Tesla is on its path to become a global automobile monopoly. Tesla's dominance in data gathering and vertical market expansion might soon turn it into the only option for the majority of people.
Tesla is not trying to sell you a self-driving car. Once all the technology and relevant regulation is ready, Tesla’s main revenue will come from renting self-driving taxis. Once Tesla’s vision is fully realized, owning a car will be reserved to a small minority class of people. And there is no other company closer to reaching that vision than Tesla.
Plenty of mainstream car companies have entered the autonomous and electric vehicle sphere. But none of them has the Tesla advantage. In 2016, about the time when other companies where just starting out with autopilot, Tesla already collected more than 1.3 billion miles of data from all kinds of real world scenarios, diverse roads and global weather conditions with regular people at the wheel. Their next competitor, Google’s Waymo, only covered 2 million miles since 2009, all with employees on board.
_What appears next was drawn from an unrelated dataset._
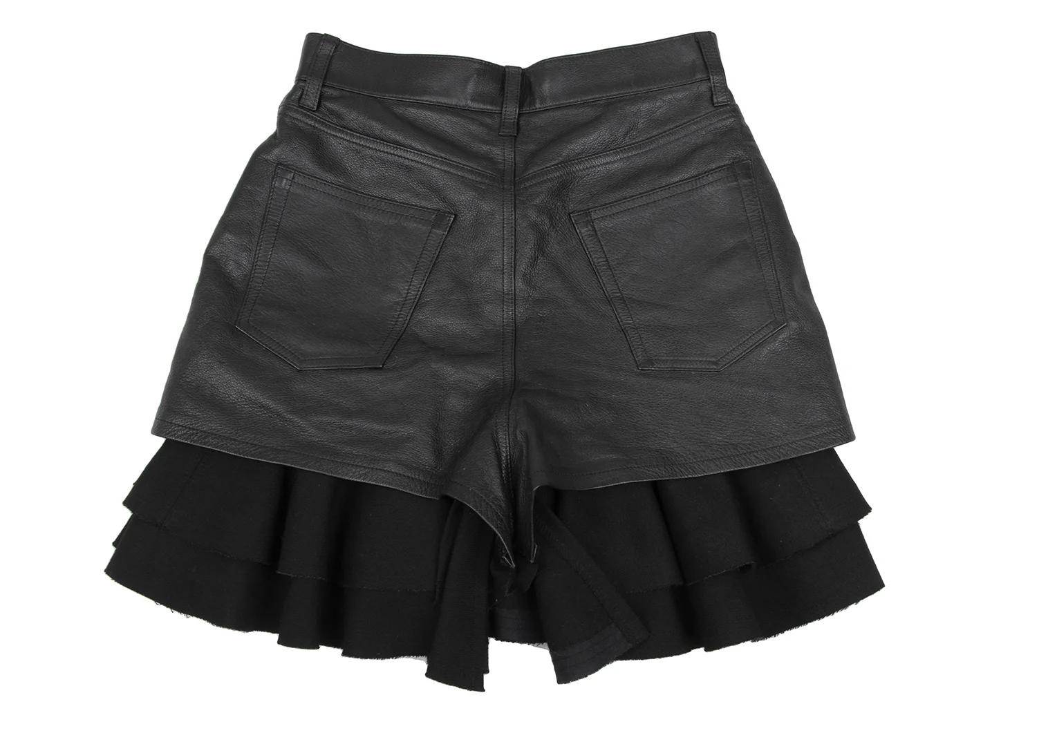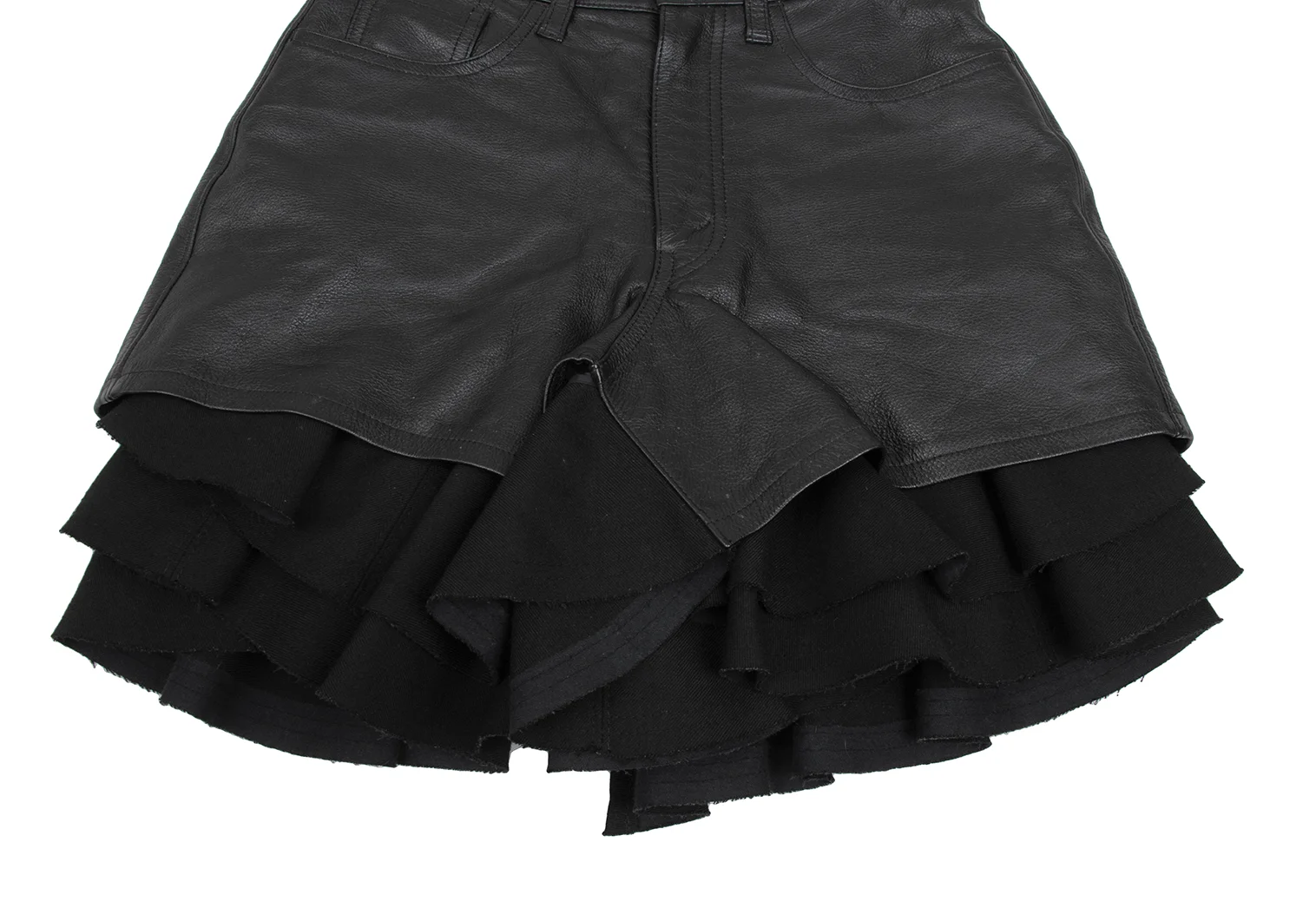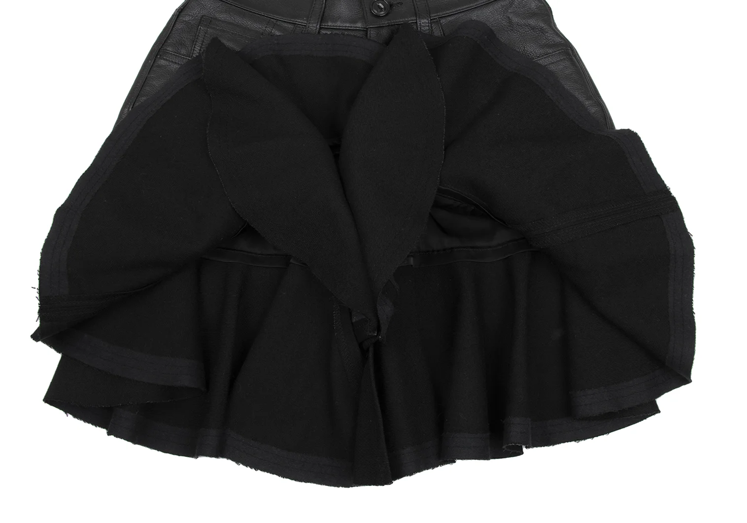 JUNYA WATANABE COMME des GARCONS Hem Frill Layered Cow Leather Skirt Pants Black XS

The rate at which Tesla gathers more data is also unparalleled. By 2020, Tesla’s mileage with autopilot activated passed 3 billion. Waymo, on the other hand, only collected 20 million miles in autopilot. That’s Tesla leading by more than a factor of 100. Tesla is competing with other car companies but Tesla is not just a car company. It’s also an energy company, a charging company, a software company and most importantly a data company.